Obvious hurdles that an adaptive licensing approach would have to overcome would include liability concerns, patent issues (companies will have to be convinced that they FDA won't trap their drug in niche population while the patent life of the drug is eroding), and convincing providers and insurers that adaptive licensing wouldn't foist expensive and unproven medicines on a credulous public.
But I think these are all very tractable problems. The key for success would be shifting from the idea of informed consent, which is now focused patients enrolled in highly selective clinical trials, to an idea of informed choice in a market environment.
Consumers would have to accept more uncertainty in some respects, but it would be in return for greater potential benefits in areas of high unmet medical need.
The FDA's job would also shift from gatekeeper to chief information officer, ensuring that patients and physicians were empowered with the data they need to make smarter choices.

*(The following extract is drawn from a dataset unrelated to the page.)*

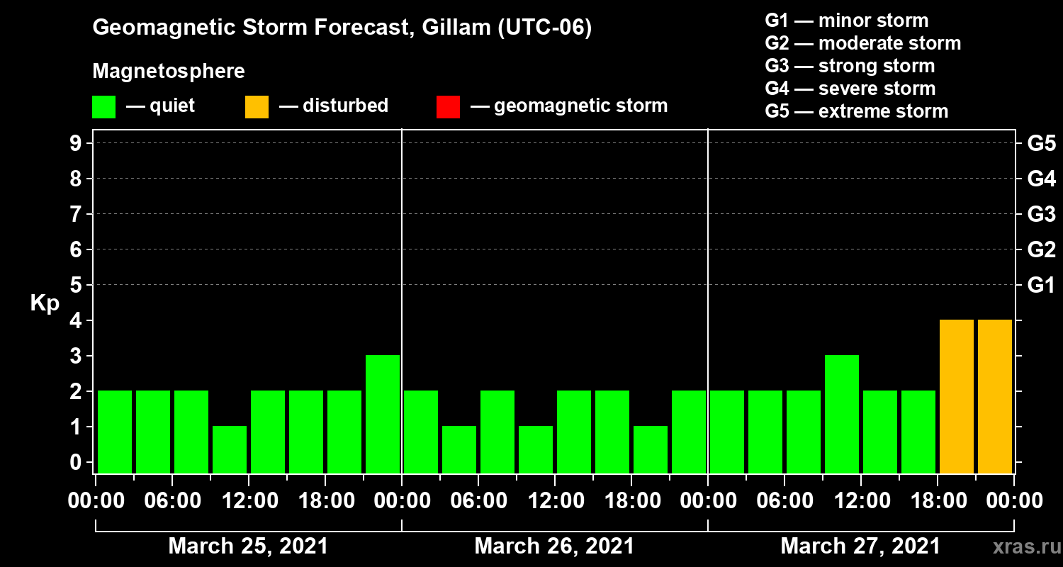 Geomagnetic storm forecast in Gillam for Mar 25, 2021

The irony is that we often don't have the information we need to make truly informed choices today. Drugs are tested in highly artificial clinical trials, before they are released into large populations. In fact, the way we test and approve drugs today actually penalizes companies for taking a more stepwise approach to learning about their products, because the patent clock is ticking every minute they are in testing.
In short, the FDA's compassionate use program is a very small tool, for what is a very big problem. We need a new paradigm for thinking about patients and sustaining breakthrough innovations - offering patients less compassion, and better informed choices.